W odpowiedzi mój przyjaciel uśmiechnął się lekko. Pisnęłam i zarzuciłam mu ręce na szyję.
– O rany, rany, rany… – Ochłonęłam nieco. No co, to, że to nie miało żadnych podstaw, żeby istnieć, to nie oznacza, że mam się z tego, kurde, nie cieszyć! Prawda? – Nie wierzę, że to się dzieje naprawdę.

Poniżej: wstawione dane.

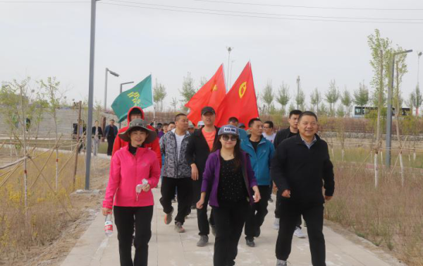 為確保此次徒步活動順利開展,市分公司調(diào)配2輛后勤車,并準(zhǔn)備了應(yīng)急藥品和時令水果、面包等補給。徒步隊伍從市分公司家屬院出發(fā),沿迎賓路、黃河路、西藏路、柴達(dá)木路、市圖書館,最后到達(dá)目的地濕地公園南門,全程大約9公里。一路上春和景明,艷陽高照,綠樹掩映,徒步其中令人心曠神怡。飄揚的旗幟和員工們洋溢的笑臉組成了一道美麗的風(fēng)景線。

Nick tylko patrzył się na mnie, jak zawsze. Zwykle patrzył na mnie z tym jego irytującym uśmieszkiem. To dla mnie prześwietlanie duszy, ale on uparcie twierdzi, że to ja, a nie on, mam w zwyczaju odstraszać ludzi zbyt… natarczywym wzrokiem.
Pff. Natarczywy, też coś.
– Czas wybrać broń, nie sądzisz? – Delikatnie wyswobodził się z mojego uścisku.
Zawyłam ze szczęścia.
Dobra, umówmy się- pod wpływem emocji zachowuję się naprawdę dziwnie. Po prostu, taki odruch. To, że aktualnie zachowuję się jak pięcioletnie dziecko, któremu obiecano lizaka, nie oznacza, że jestem aż taka nienormalna. Och, no może jednak trochę. Ale tylko troszeńkę.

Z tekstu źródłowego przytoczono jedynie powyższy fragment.